The announcement said the scheme will 'increase the transparency of political influencing activity being carried out for a foreign power or entity; help safeguard UK democratic institutions from covert influence; and better inform us as to the nature, scale, and extent of foreign influence in our political affairs’.
The scheme will be two-tiered, the government said. The primary tier will require the registration of political influence activities within the UK 'at the direction of a foreign power or entity'. A person registering will need to declare who they are in an arrangement with, what activity they have been directed to undertake, and when the arrangement was made.
Exceptions to those who would need to register include those working for a foreign power in their official capacity, those with diplomatic immunity, those who provide legal services, those working for news publishers and those in an arrangement to which the UK government is party.
Failure to register or providing false or misleading information would be punishable by up to two years’ imprisonment, a fine or both.
An enhanced tier allows the home secretary to make it an offence for anyone to carry out any activity in the UK at the direction of a specified foreign power or foreign power-controlled entity without being registered.

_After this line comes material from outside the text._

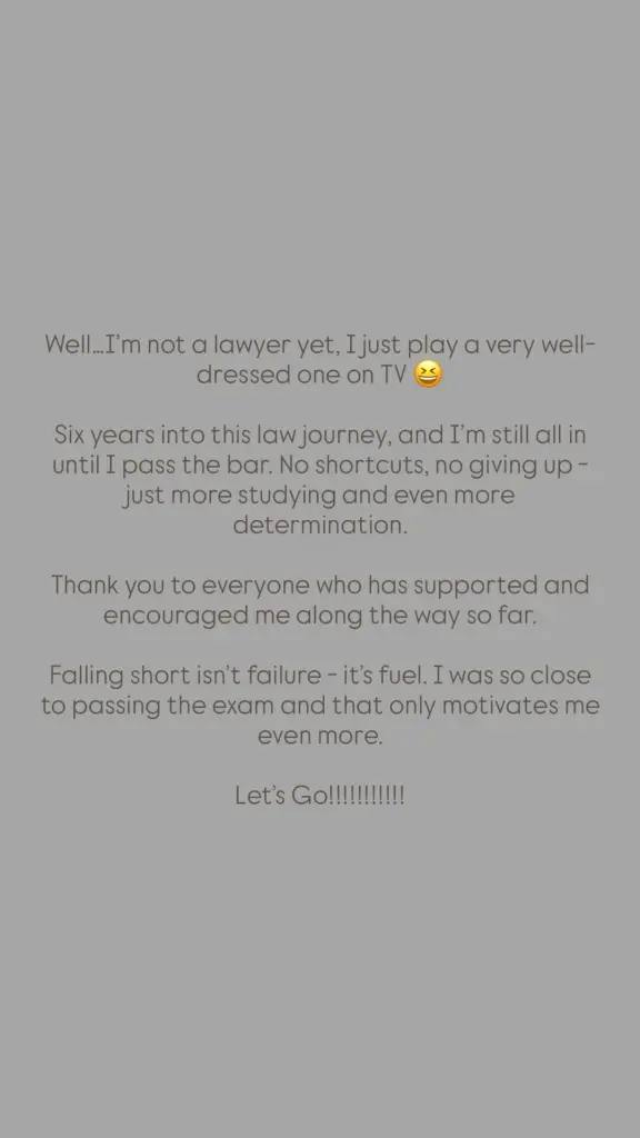 "Bueno... aún no soy abogada, solo interpreto a una muy bien vestida en la televisión", escribió. "Llevo seis años en este camino del derecho y sigo con todo hasta aprobar el examen de abogacía. Sin atajos, sin rendirme: solo más estudio y aún más determinación".

The penalty for offences involving the second tier would be up to five years imprisonment.
The public register will be posted on a government website.
MI5 director general Ken McCallum said: 'The new Foreign Influence Registration Scheme will make it harder - and riskier - to operate covertly in the UK at the behest of a foreign power. It will also increase openness and transparency around the scale of foreign influence in our political affairs and make it harder for our adversaries to undermine our democracy.'
Earlier this year, the speaker of the House of Commons identified a London solicitor in an 'interference alert' about alleged activities on behalf of China.
The National Security Bill is currently in its House of Commons committee stage.